By Matt Kelly

It seems that everywhere Uber, Lyft, and other transportation network companies (TNCs) set up shop, trouble with local regulators follows. The situation in Florida has been no different. The Uber vs. taxi debate has been so heated that state lawmakers have proposed  legislation (HB 509) to simply regulate all vehicles for hire at the state level. While statewide reforms would ease regulations in some locations, they would tighten restrictions elsewhere. It may be better to allow local government regulators to adapt at their own pace.

Consider Uber’s experience in Broward County. After launching operations there in November 2014, Uber drivers were issued 250 citations by January 2015. In April, county commissioners passed new regulations on TNCs, which dictated insurance requirements, background checks, and vehicle maintenance standards that TNCs claimed favored taxis. In response, Uber ceased operations in Broward altogether. In October, TNCs and Broward County commissioners reached a deal that would ease restrictions on TNCs. TNCs soon resumed operations. In the face of a changing transportation industry, Broward County initially resisted the challenge to its regulatory structure, but eventually accepted the wishes of its businesses and constituents. Similar stories abound through the state.

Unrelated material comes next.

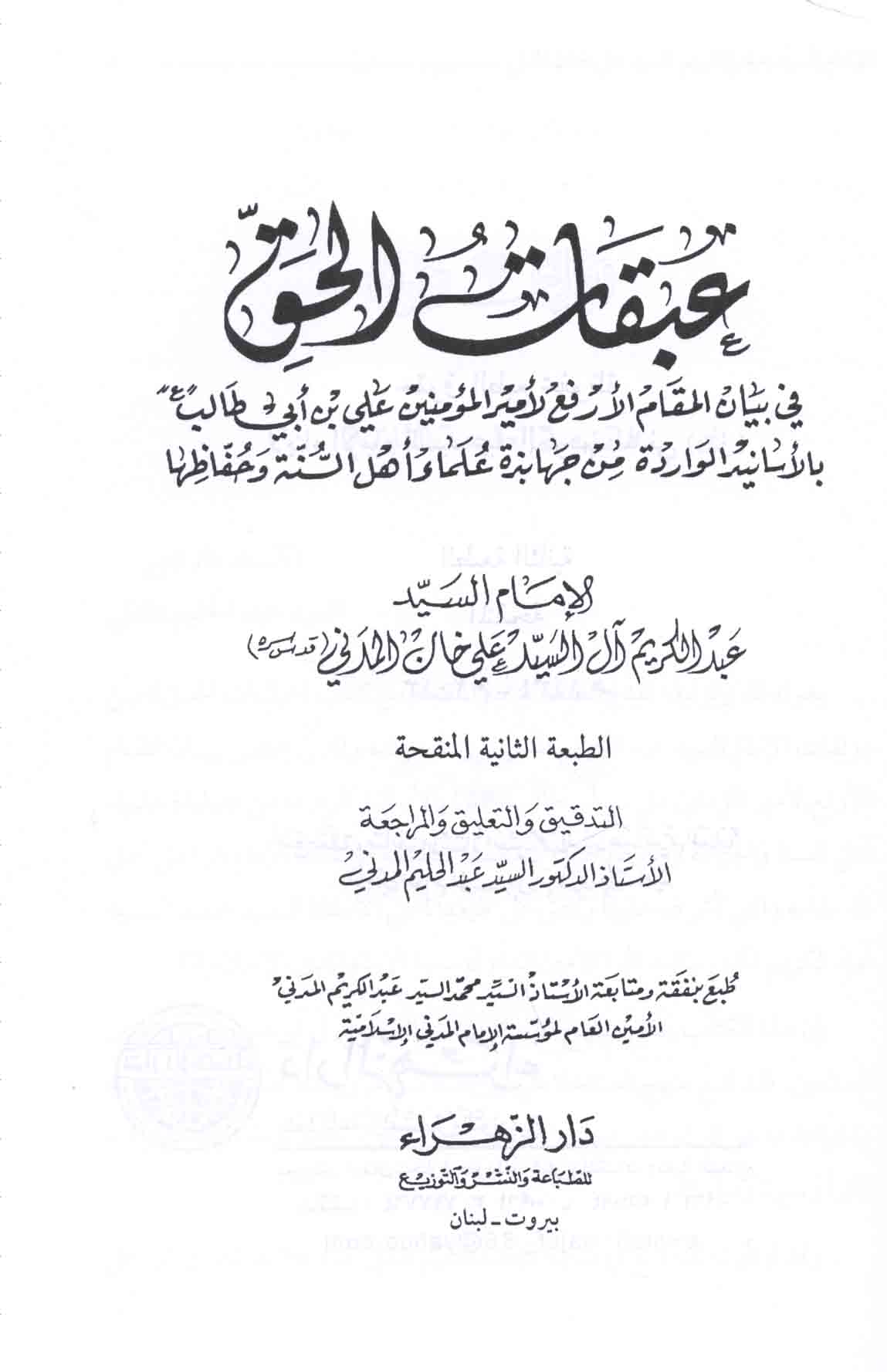 Abaqāt al-ḥaqq, fī bayān al-maqām al-arfa‘ li-Amīr al-mu’minīn ‘Alī ibn Abī Ṭālib bi-al-asānīd al-wāridah min jahābidhat ‘ulamā’ ahl al-Sunnah wa-ḥuffāẓihā
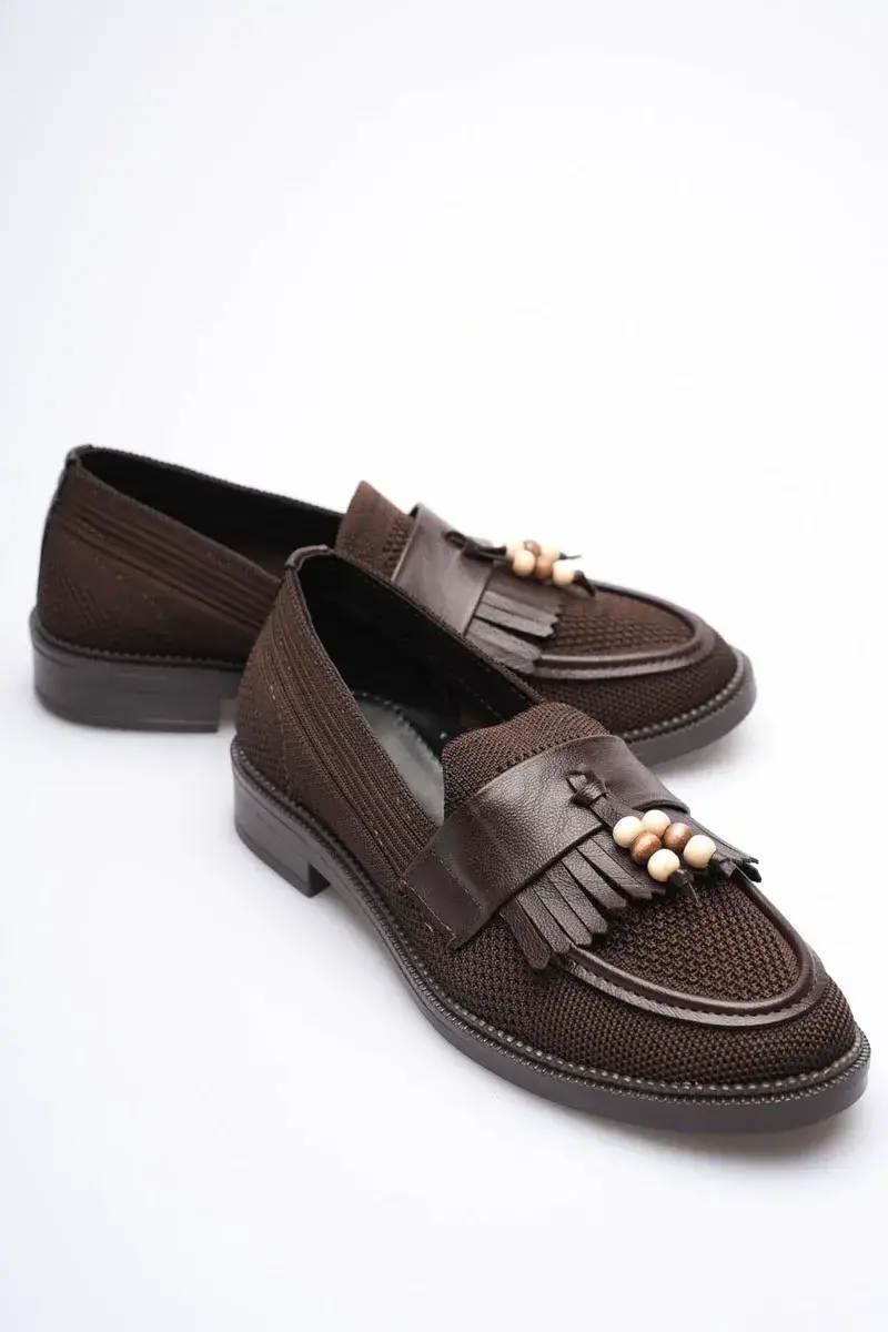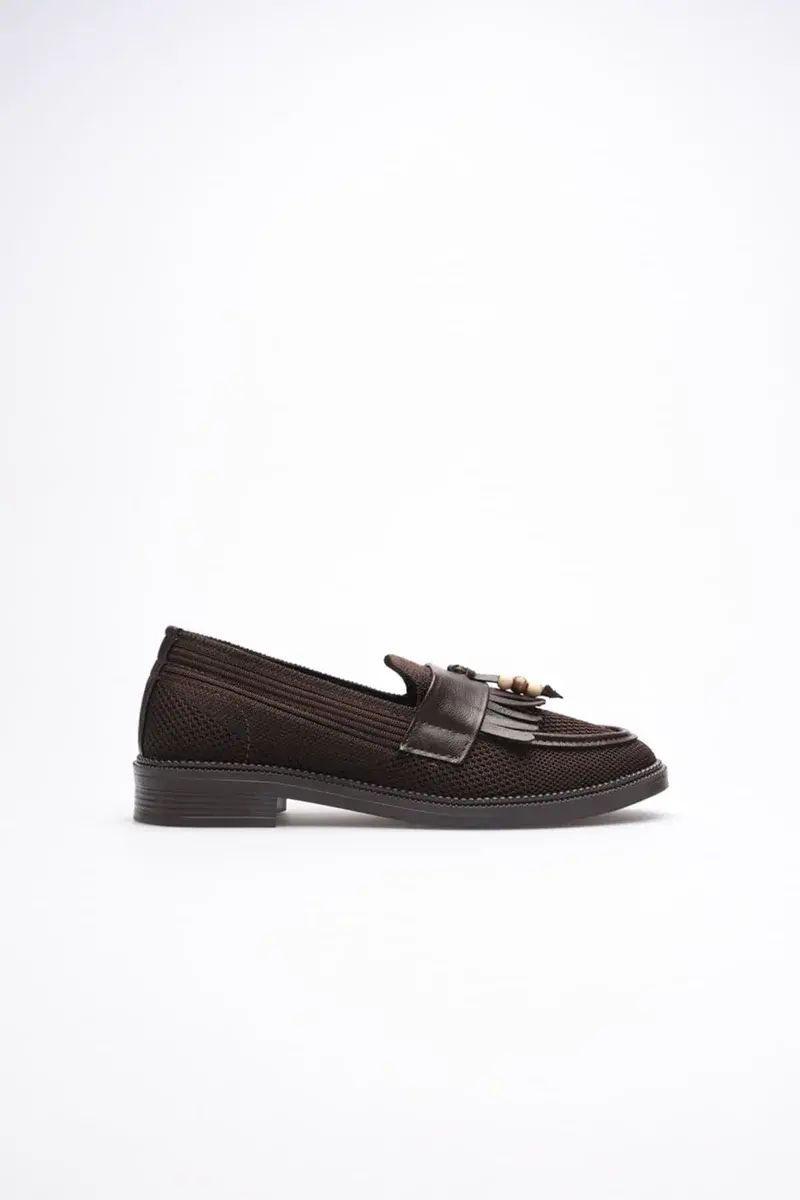BUCCA Kadın Kahverengi Dokulu Püskül Detaylı Günlük Loafer Ayakkabı BUCCA30MS01C

In some locations, concessionary deregulation of TNCs has been even more striking. Lawmakers in Melbourne and Sarasota voted to eliminate taxi regulations altogether, putting TNCs and taxis on equal footing while deregulating both.

Licensing and safety regulations aren’t easy to discard. Florida’s counties raised an annual average of $17.7 million from licensing fees between 2009-2013, providing a clear incentive to preserve the status quo. It’s understandable then that local governments are slow to change. However, the benefits of TNCs innovations appear too great to ignore. Sometimes quickly and sometimes slowly, local regulators are adapting for the better of businesses and consumers.

But state legislators may usurp local governments’ authority altogether. Legislators failed to pass a bill earlier this year to regulate common-carrier vehicles for hire at the state level. A new bill to the same effect, HB 509, recently passed a hurdle in the House Highway and Water Safety Subcommittee and may be voted on in the spring legislative session. While standardizing rules across localities, statewide reforms would have different effects in different places.

To be sure, a patchwork of regulations across Florida’s counties and municipalities is emerging, and such complexity creates costs for entrepreneurs wishing to operate in multiple jurisdictions. But statewide reforms would not uniformly decrease the cost of business. Although TNCs could be regulated less strictly in Broward County under statewide rules, they may experience more onerous regulation in places like Sarasota.

The market disruptions TNCs introduce are instructive on multiple levels. Surge pricing, driver and user rating features, employing drivers as independent contractors, and other TNC business practices have done much to show private enterprise can effectively self-regulate and flexibly allocate resources in an advanced economy. Government responses to these innovations have also shown much about the political economy of entrepreneurship and regulation. The myriad of reforms occurring in Florida and across the world to accommodate (or crush) TNCs reflect competition for business among local governments. Who is to say at this early stage which regulatory regime will prove most economically beneficial and fair?

Rather than a statewide solution, it may be better to allow local governments to adapt at their own pace. Closer to their constituents, local governments are arguably more responsive to local needs than the state legislature. It would be a shame if state lawmakers preempt a healthy democratic change at work.